On Thursday 12 March 2020, Kelly Jones, his Stereophonics bandmates and their crew gathered in front of a television screen to watch the prime minister address the nation. “That was the first day Boris Johnson went on telly with those scientist guys, and they said: ‘Nothing’s closing down. Everything continues as it is,’” recalls Jones from his studio in London. The announcement was met with relief, as it meant the band were clear to go ahead with a pair of headline shows at Cardiff’s Motorpoint Arena that weekend.

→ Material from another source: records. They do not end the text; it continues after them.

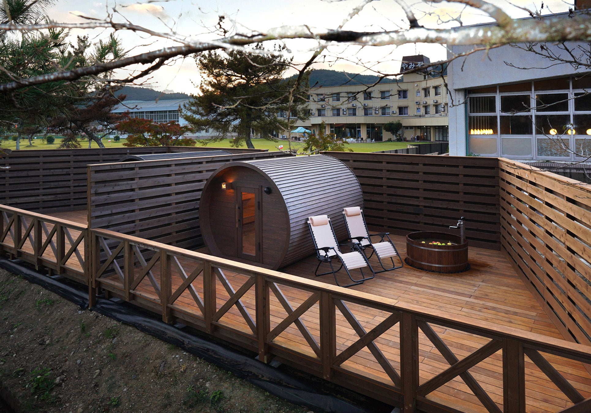 日帰り温泉も楽しめるやみぞホテルに設置された2台のバレルサウナは、貸切制のプライベートサウナとして宿泊者はもちろん、日帰り温泉のお客様もご利用することができます。
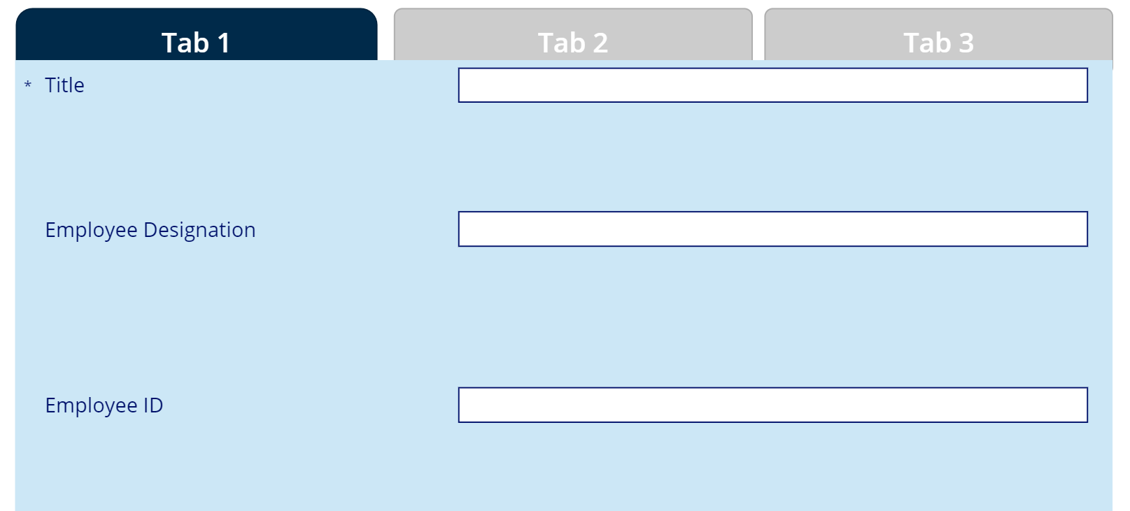 Considering our form will have 3 tabs,
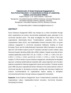 Priyana, Indarta (2026) Determinants of Green Employee Engagement in Non-Formal Education: A Comprehensive Study of Leadership, Culture, and Innovation Effects. Disertasi(S3) thesis, UNIVERSITAS PASUNDAN.
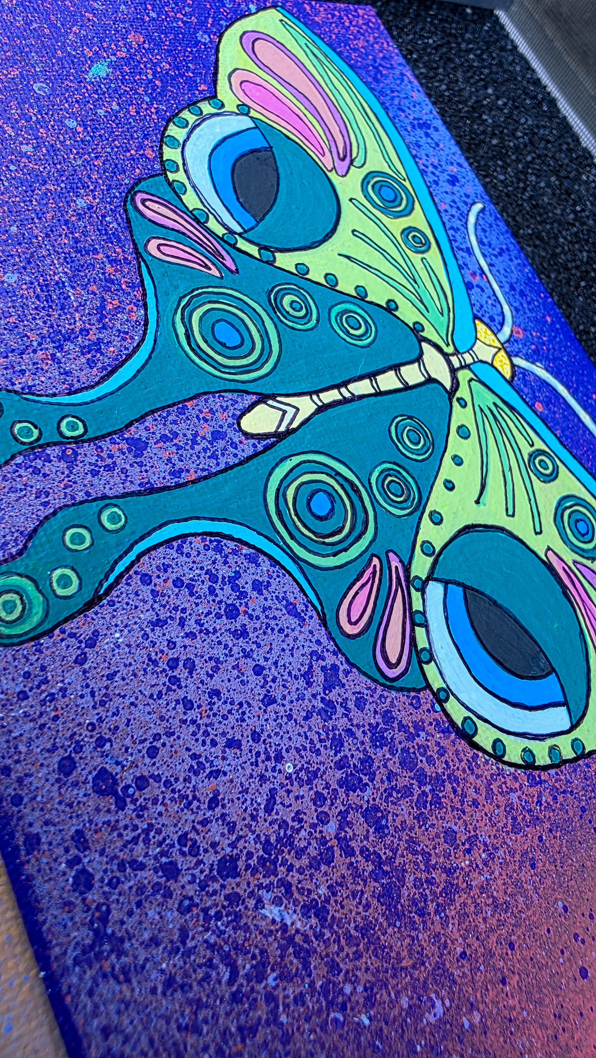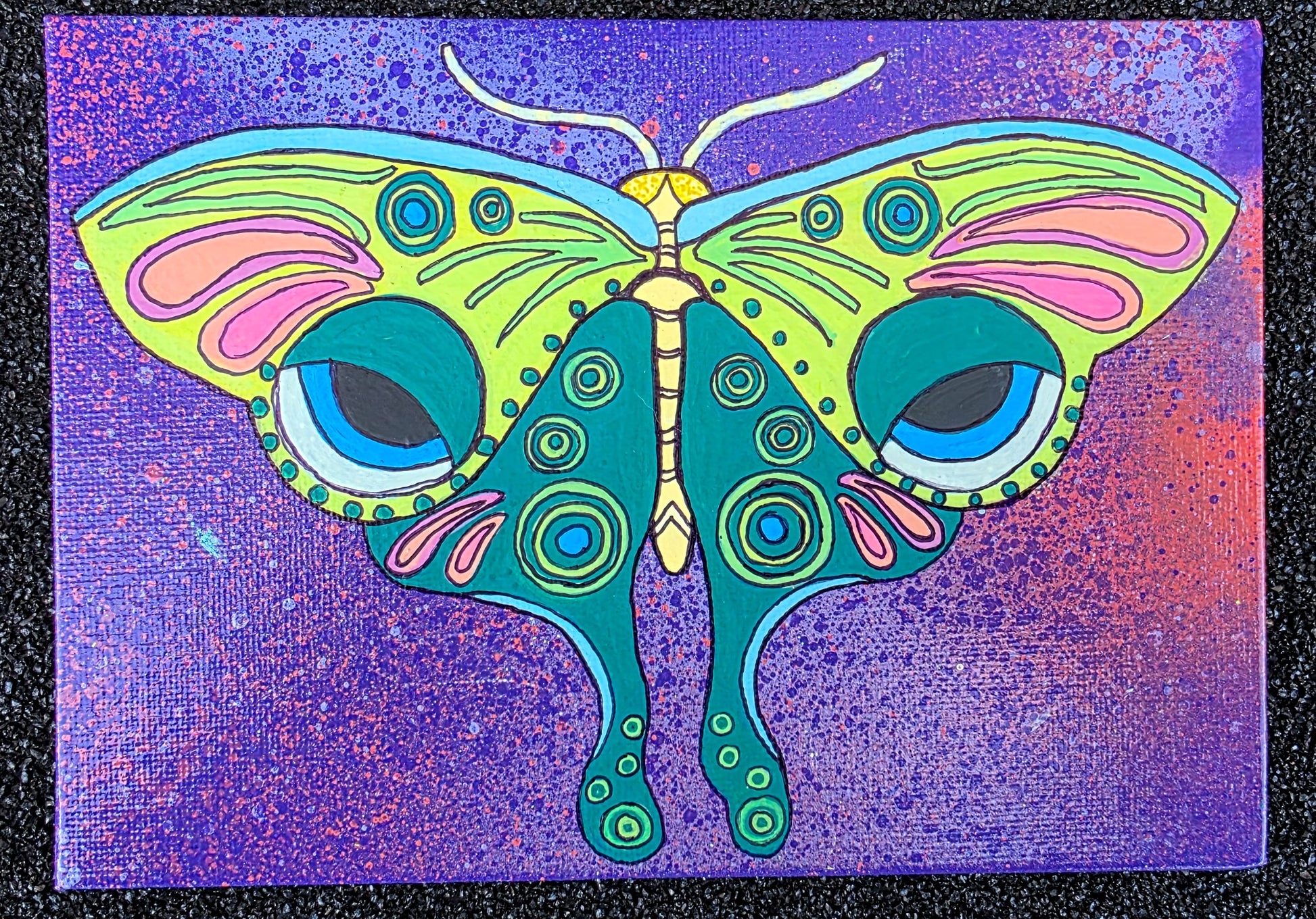 These are 5x7 chipboard canvas with original designs in acrylic paint pens on top of a spray painted background.

It was only after the gigs were done that Jones, who doesn’t use social media, realised he’d inadvertently found himself at the centre of a national controversy. “I got back to my house in Wales and someone said: ‘Piers Morgan’s been having a right pop at you, hasn’t he?’” he remembers. “I didn’t know what they meant, because I knew Lewis Capaldi was doing shows, and the West End was still running.”

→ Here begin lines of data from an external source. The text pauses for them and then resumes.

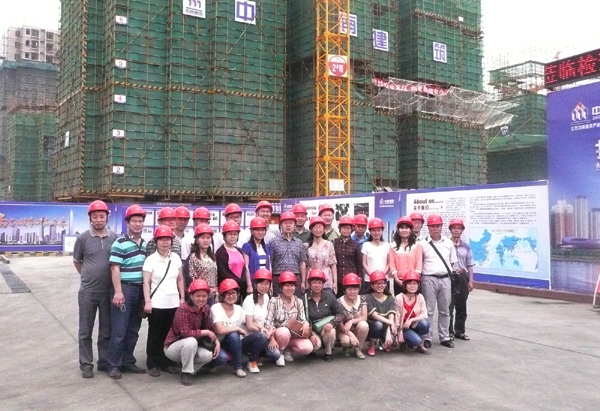 在中亿丰建设集团的现代传媒广场项目施工现场,项目主管、集团总工程师李国建带领大家参观了施工现场,介绍了项目施工过程中使用的临地铁深基坑分坑施工技术、超高层建筑施工液压爬模技术等新技术,并就一些关键技术、施工工艺进行了交流探讨。
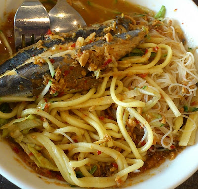 Assam Laksa with lots of raw vegetables on top - shredded cucumber, lettuce and onion in a sourish broth thick with shredded fish. Tastes good although it was more sweet than sour and not that hot and spicy.
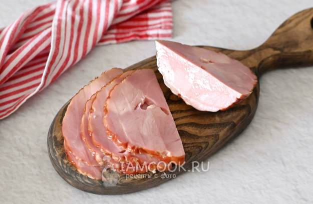 А вы тем временем нарежьте тонкими ломтиками копчёный окорок.
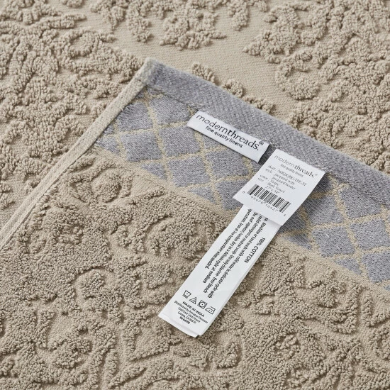 - Set consists of two bath towels, two hand towels, and two wash towels
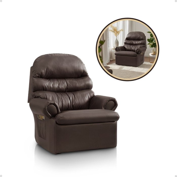 Cadeira Poltrona do Papai Descanso Reclinável Corino Marrom Quarto Sala Decoração
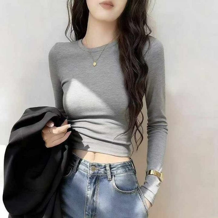 春秋新款外穿打底净版简约弹力修身显瘦弹力拉架棉长袖...
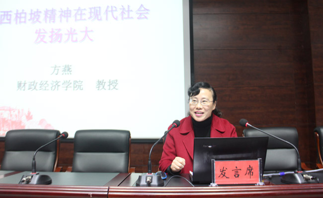 财政经济学院教授、九三学社社员方燕做题为《让西柏坡精神在现代社会发扬光大》的报告
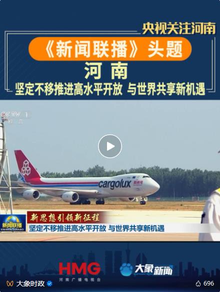 央視《新聞聯(lián)播》關注鄭盧“空中絲綢之路”

That same weekend, Premier League fixtures were suspended, as was Wales’s Six Nations rugby match against Scotland, but Jones says even with hindsight he has no regrets about pressing on with his band’s performances. “I stand by what we did,” he says, matter-of-factly. “We followed the advice. I had my own family there, including my parents, my pregnant wife and my five-year-old. If we upset people, we upset people, but we followed the guidelines at the time.”